3. Release the fly into the space.
That’s it! At this point, you can sit back and relax as your cat stalks, chases, and finally eats the fly. An added bonus: when your cat is done, no cleanup will be required.
If you’re participating in the Unlikely Explanations Recipe-a-Week Challenge, please post your experiences with at least one of this week’s recipes here. And if you’re not already a participant, why not join in? Simply a) acquire a cat, b) prepare one of these recipes (or last week’s recipe for Chicken with Gravy), c) feed the result to your cat, and d) post your experiences here. Or share your own Feline Kinetic Gastronomy recipes.
10 thoughts on “Feline Kinetic Gastronomy”
I have an active adult cat who enjoys a good Flight Club as much as the next feline, but I was thinking of serving this al fresco now that the weather is getting nicer. Not only does it up the challenge factor for him, but he also gets an accompanying mixed greens salad this way. And then when he inevitably regurgitates the salad (as well as the Flight Club and any linger kibble), the dog then gets a tasty meal as well. Everybody wins.

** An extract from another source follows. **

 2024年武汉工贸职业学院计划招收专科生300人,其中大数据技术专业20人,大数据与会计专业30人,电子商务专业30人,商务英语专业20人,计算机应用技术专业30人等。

… and then the dog makes a further contribution, fertilizing the grass and attracting flies for additional servings of Flight Club. That’s a great example of holistic sustainability. You’re an inspiration to us all.

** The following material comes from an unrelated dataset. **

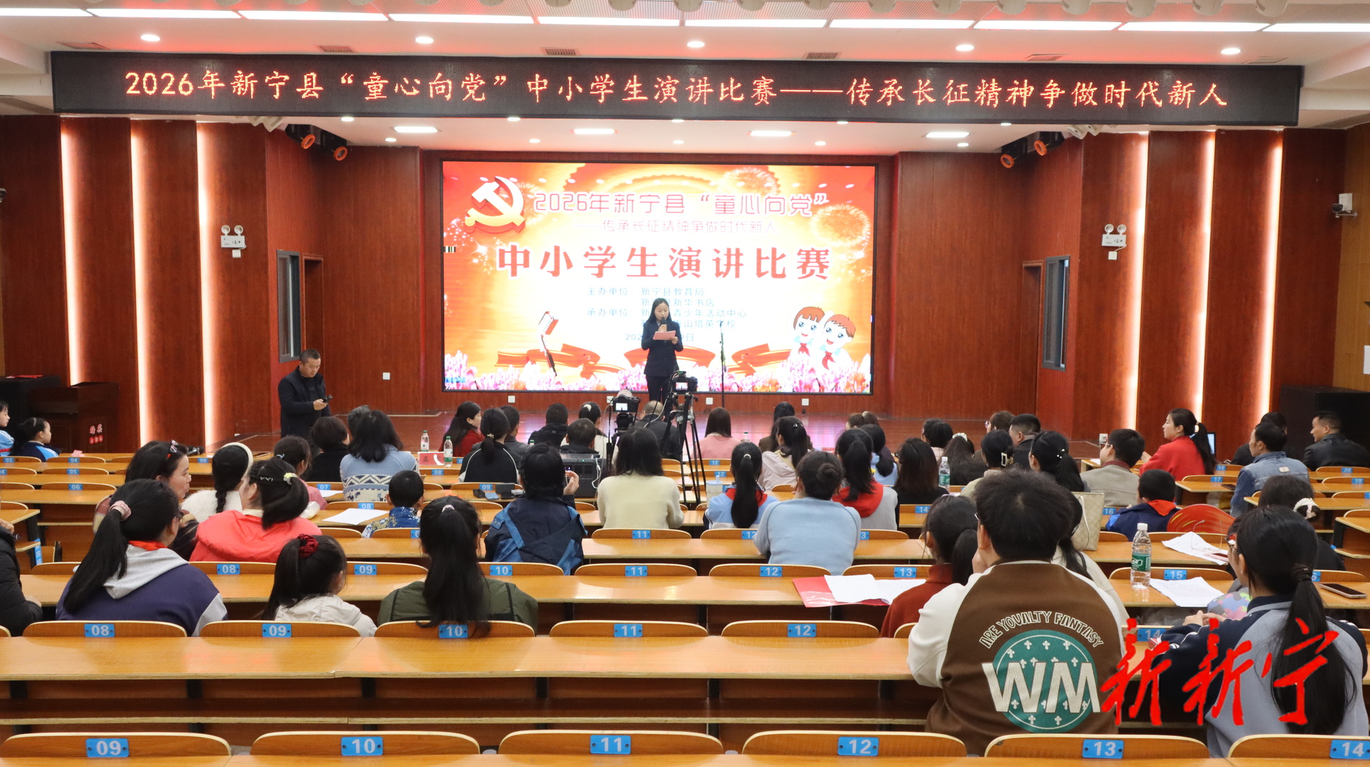 4月22日,2026年新宁县“童心向党”中小学生主题演讲比赛在崀山培英学校举行。经过层层选拔,来自全县各中小学的24名参赛选手同台竞技,以青春之声致敬长征精神,抒发争做时代新人的使命担当,展现奋发向上的青春风采。

If you have a sluggish cat should you start wuth a weakened fly?
A weakened fly (I keep wanting to say “weekend fly”) might not attract the cat’s attention. I would suggest using a normal fly, but a smaller space, such as the interior of a small bathroom.
I wish someone would take this much effort to prepare my meals. But without the fly, of course.

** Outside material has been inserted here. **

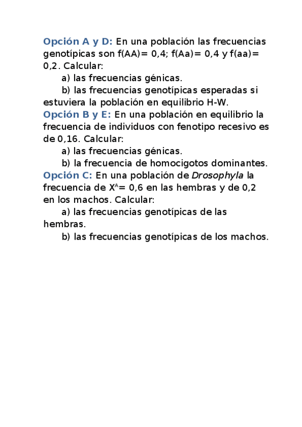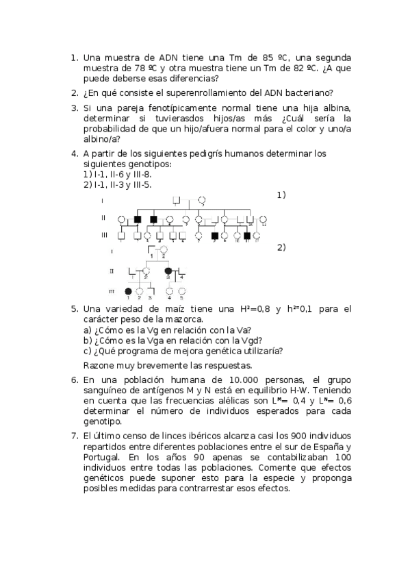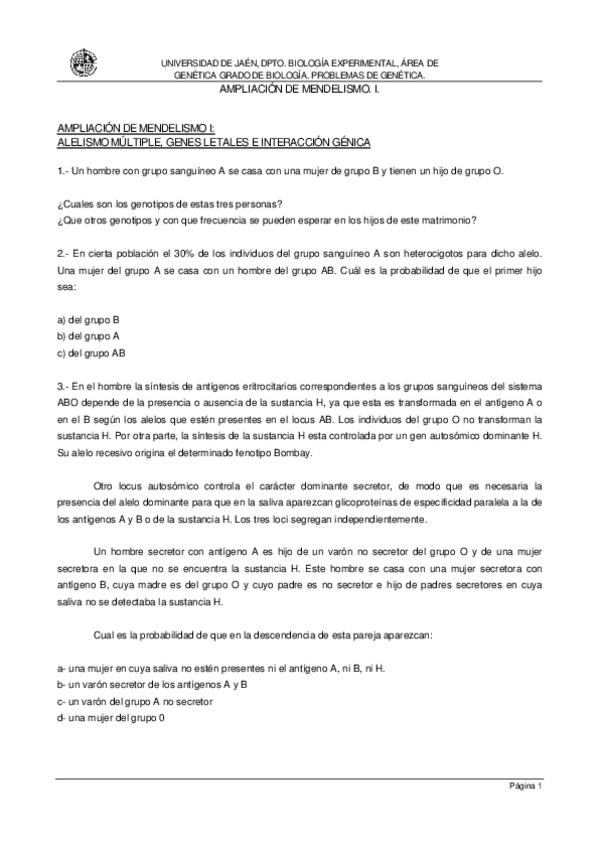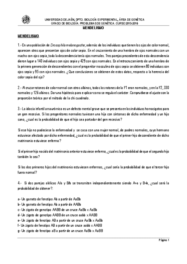 Genética. Sesiones de problemas de otros años

Hmmm. Kinetic recipes for herbivores are a little more challenging.
I consulted my veterinarian about whether my cat could eat flies. He wanted to see the fly first, so I caught one and showed it to him. He said the fly was okay to eat, but after spending so much time with the fly, I became attached and couldn’t eat it.
It’s actually good that you couldn’t bring yourself to eat the fly, because then your cat would have missed out on Flight Club. But don’t worry — you can keep both your fly and your cat happy by taking these two simple steps:
1. Take the fly to work with you; this way, it will remain a safe distance from your cat, but you’ll still be able to spend several hours with it each day (unless you work from home, in which case you’ll need to keep the fly in the garage or possibly rent an apartment for it).
2. Find out which of the other flies is your fly’s worst enemy. Catch that fly and use it for Flight Club.
For the first few lines I was wondering what Fight Club meals would be like and imagine Brad Pitt as maybe one of the ingredients…then I noticed the “l” in Fight :P
I’m thinking that the Canine Flight Club meal might get a messier..;)
The second rule of Flight Club is: don’t leave out any of the letters of “Flight Club”.